I seem to have lost my 2005 calendar so this is all recollection at this point. Some of it is engraved on my brain, some of it seems to have just slipped away. I need to speed up the writing before more of it goes!




*****
When I found this picture, I saw the rest of the album which had included a visit in mid-June from my old college roommate Suzanne and her son Nate. We were able to meet for a good part of one day while they were on their way to meet the rest of her family in New Jersey maybe (her older son Jesse was at school in Massachusetts, so it may have been further north!). Sue had asked to visit Thomas's grave so I picked her up from the Metro I believe, which is just a couple of miles south of the cemetery and we drove up Georgia Avenue to Gate of Heaven. She said a prayer and paused for a few minutes to just spend a little time. Sue and her boys had seen Thomas just before he left for basic training so this grave was not an abstraction, but the resting place of someone she had known a little when he was an adult.

In June, Anne decided to return to the east coast for a vacation with her husband and her son Paul (who is a year older than Matthew). The plan was for me to join them with Matthew in New York City, though in the end Matthew felt too shy to go, and then have Anne and Paul come here for a few days. I felt a bit odd and adventurous getting on the train by myself and heading for Penn Station on a summer day, but found the hotel with no problem (it really is hard for me to navigate in strange places but the grid system of NYC is a great help to the directionally dyslexic).

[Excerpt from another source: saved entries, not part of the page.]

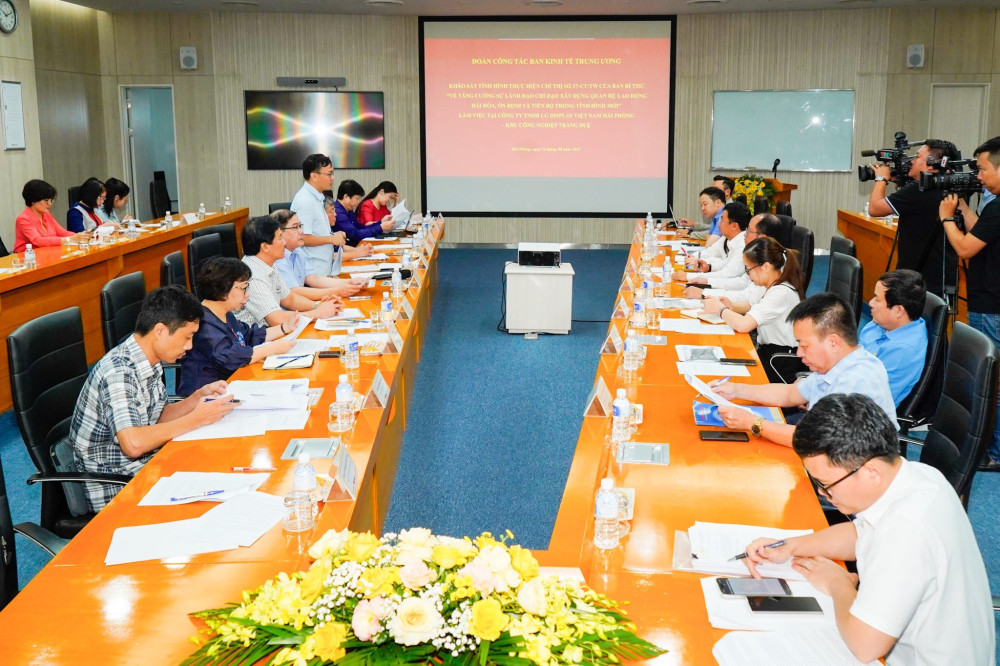 *** Trước đó, sáng 16/8, Đoàn khảo sát của Ban Kinh tế Trung ương khảo sát tình hình thực hiện Chỉ thị số 37-CT/TW, ngày 3/9/2019 của Ban Bí thư “về tăng cướng sự lãnh đạo, chỉ đạo xây dựng quan hệ lao động hài hòa, ổn định và tiến bộ trong tình hình mới” đã khảo sát làm việc tại Công ty TNHH Heesung Electronics Việt Nam và Công ty TNHH LG Display Việt Nam Hải Phòng tại KCN Tràng Duệ, huyện An Dương.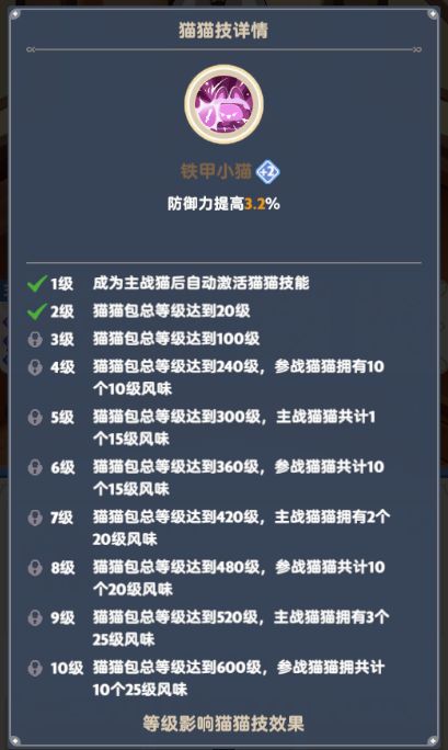 3、猫猫包技能:只有主战猫猫包的技能可以生效,携带后即可生效;技能等级与猫猫包总等级、主战猫猫包的风味等级、参战猫猫包的风味等级有关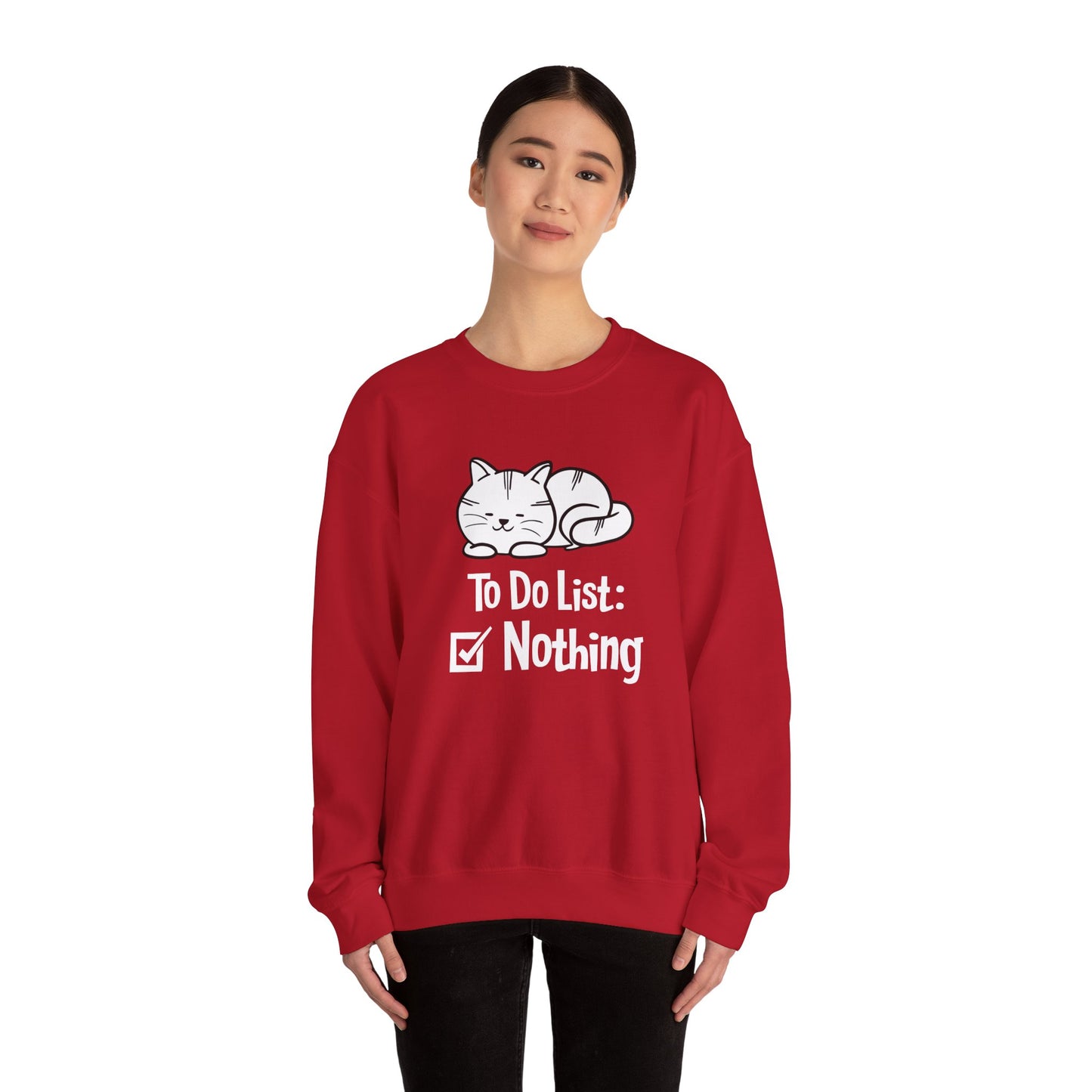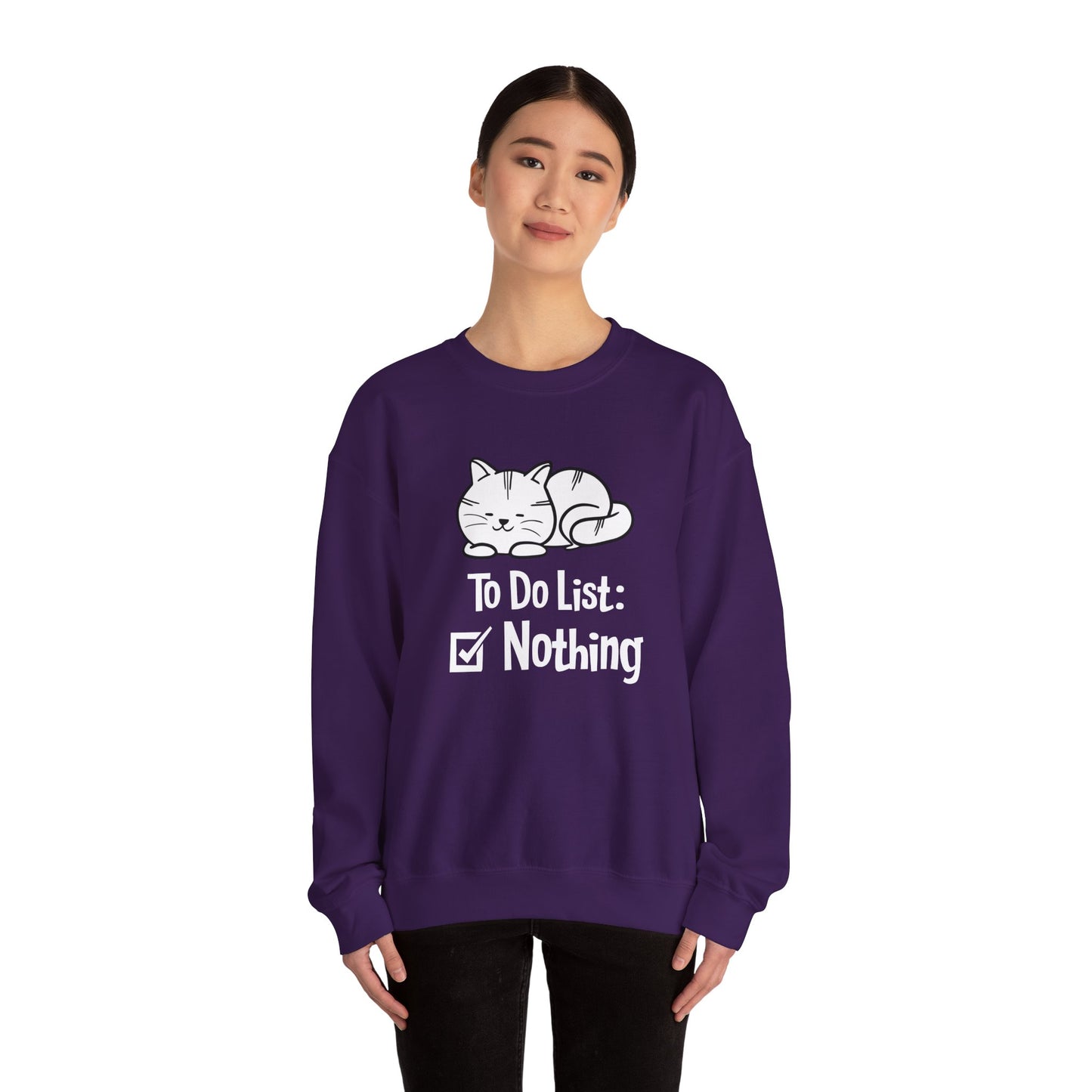 - Fun, Playful Design: Featuring a humorous "Cat, To Do List: Nothing" graphic, this sweatshirt is a lighthearted way to express your love for cats and their leisurely lifestyle.

We did a lot of walking around and touring and all was pretty well until we did a harbor tour past the Statue of Liberty and looking back at the oddly bereft skyline. One of the guides talked about the firehouse that had suffered the greatest losses on 9/11 and their little gift shop--I think to support the surviving families but I wasn't taking notes--and I burst into tears. Poor Anne just wrapped her arm around my shoulders and let me weep until I stopped. Something about being aware of the timeline and sequence of events from September 11, 2001 to November 11, 2004 overwhelmed me for those few moments.

But this may be one of the first times that I remember noticing that, once I had stopped crying, the episode was over and I could go on with the rest of the day not as if nothing had happened, but just not weighed down by that storm of grief. I've started thinking of it like rain bands surrounding hurricanes--they sweep in and they sweep out, leaving puddles but not always lingering floods.

No one seemed to have noticed me crying.